Source data:
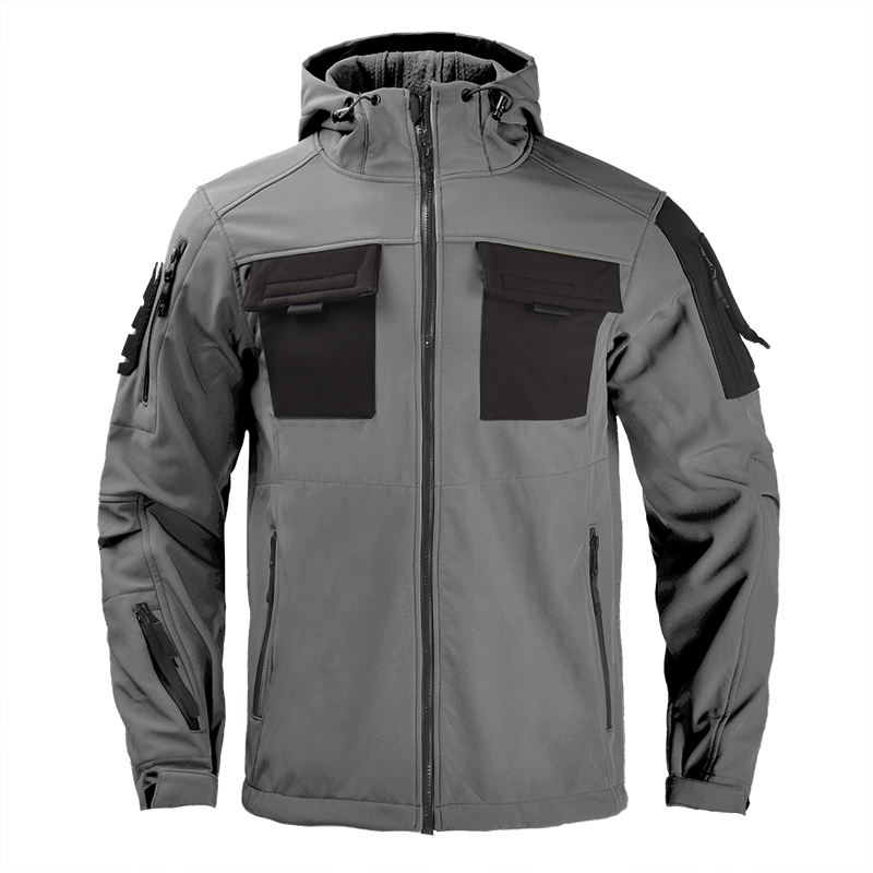 Men's New Style High Quality Softshell Outdoor Jacket Skin Polyester Camo with Stand Collar and Removable Hood for Hunting
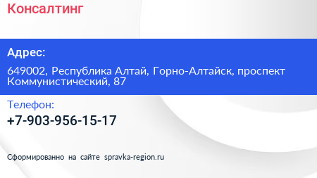 Консалтинг по адресу 649002, Республика Алтай, Горно-Алтайск, проспект Коммунистический, 87 в дальнейшем Организация, размещена в следующих категориях:
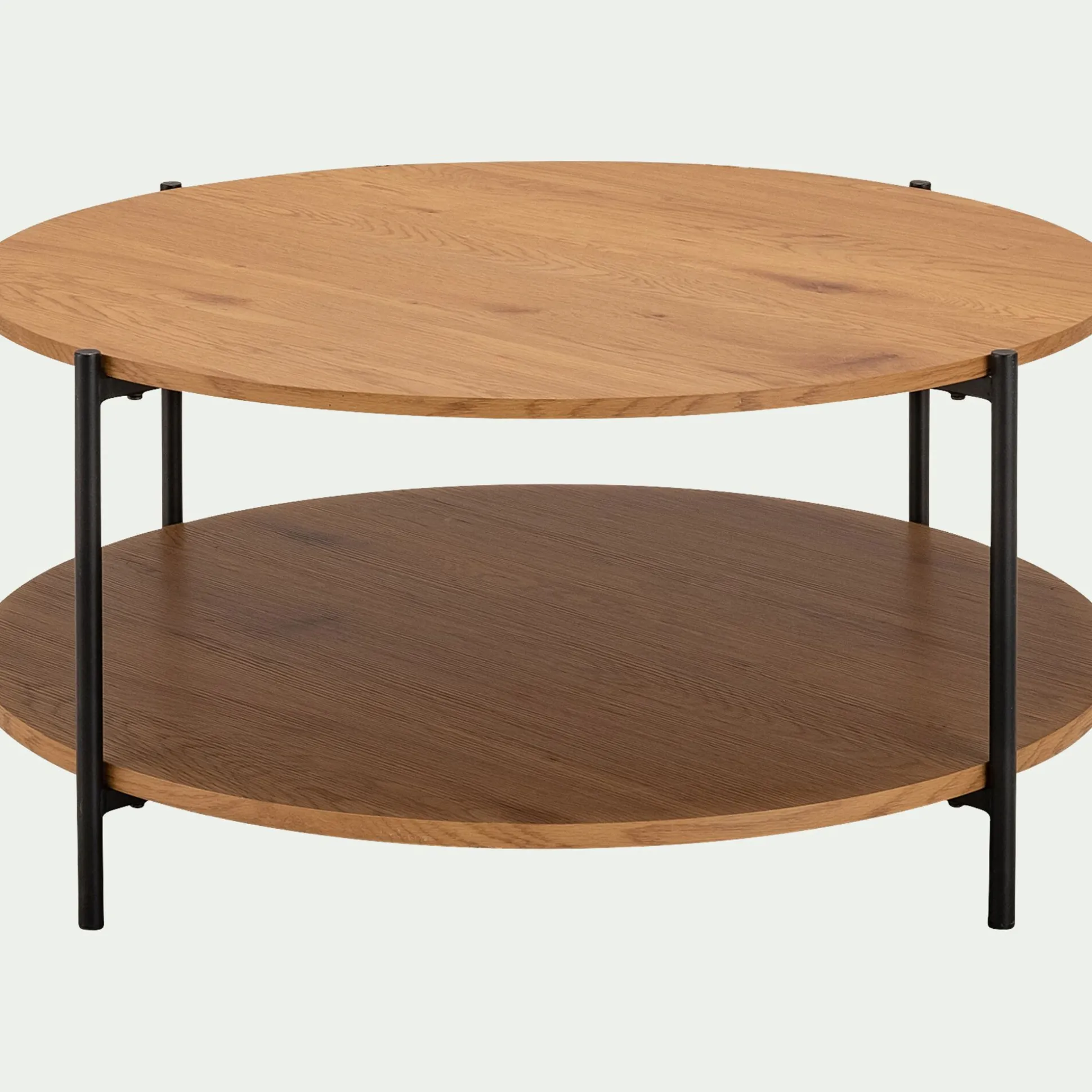 Table basse ronde en bois et acier – bois clair
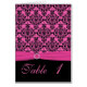 Pink and Black Damask Table Number Card
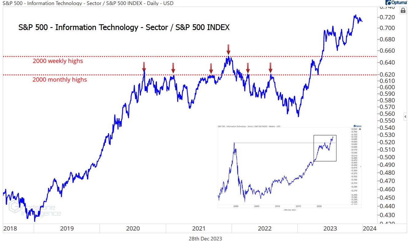 Tech’s outperformance finally pushed the sector past the dotcom bubble highs. It took 20 years for the Tech/SPX ratio to get back to the former peak, then it took another 3 years of digesting that peak before Tech found fresh air.
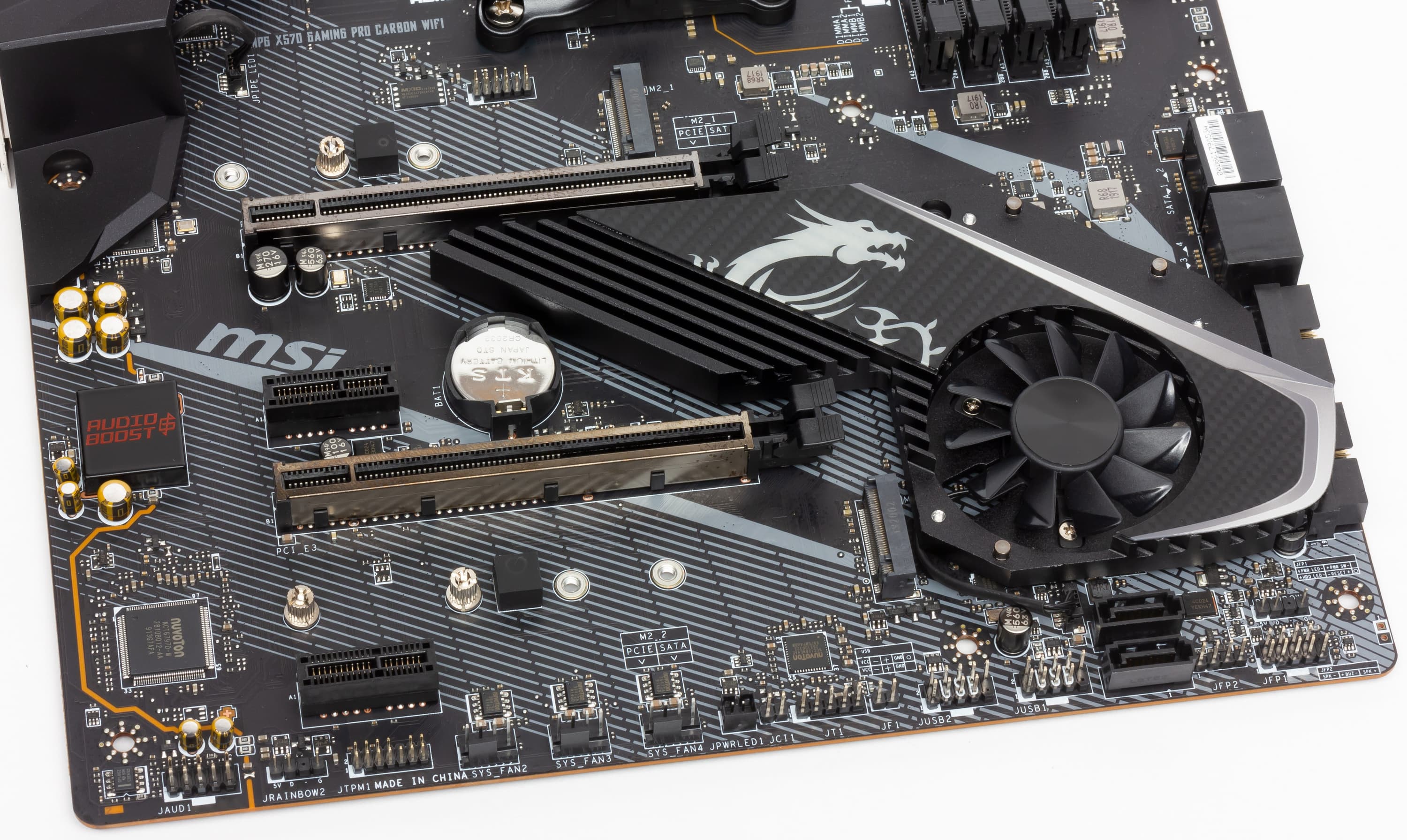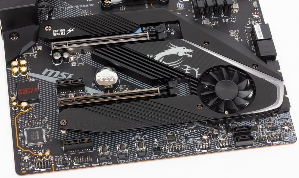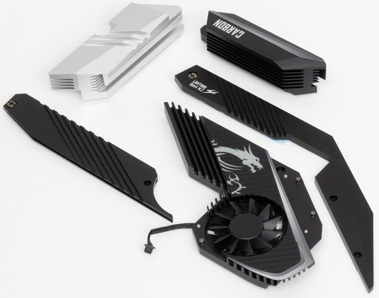 Все потенциально сильно греющиеся элементы имеют свои собственные радиаторы. Как известно, самым горячим звеном в наборе AMD X570 является сам чипсет, поэтому многие производители вынуждены вспомнить про вентиляторы для такого рода микросхем (до того все топовые десктопные продукты (не HEDT) обходились простыми радиаторами).
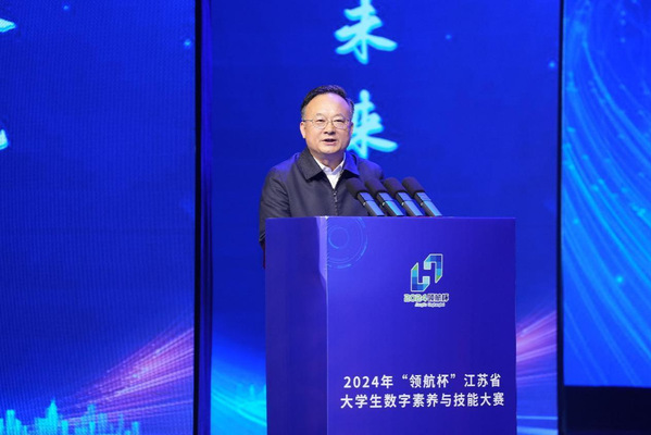 近日,2024年“领航杯”江苏省大学生数字素养与技能大赛在ac米兰将军路校区闭幕。省教育厅副厅长、党组成员杨树兵,省电化教育馆馆长魏锡源,省教育信息化中心主任孙其华,ac米兰副校长张启钱现场观看了决赛并出席闭幕式。

Directions:
Pictures aside, write out all of the records exactly.

Exercise result:
 Men's New Style High Quality Softshell Outdoor Jacket Skin Polyester Camo with Stand Collar and Removable Hood for Hunting
 Консалтинг по адресу 649002, Республика Алтай, Горно-Алтайск, проспект Коммунистический, 87 в дальнейшем Организация, размещена в следующих категориях:
 Table basse ronde en bois et acier – bois clair
 Pink and Black Damask Table Number Card
 Tech’s outperformance finally pushed the sector past the dotcom bubble highs. It took 20 years for the Tech/SPX ratio to get back to the former peak, then it took another 3 years of digesting that peak before Tech found fresh air.
 Все потенциально сильно греющиеся элементы имеют свои собственные радиаторы. Как известно, самым горячим звеном в наборе AMD X570 является сам чипсет, поэтому многие производители вынуждены вспомнить про вентиляторы для такого рода микросхем (до того все топовые десктопные продукты (не HEDT) обходились простыми радиаторами).
 近日,2024年“领航杯”江苏省大学生数字素养与技能大赛在ac米兰将军路校区闭幕。省教育厅副厅长、党组成员杨树兵,省电化教育馆馆长魏锡源,省教育信息化中心主任孙其华,ac米兰副校长张启钱现场观看了决赛并出席闭幕式。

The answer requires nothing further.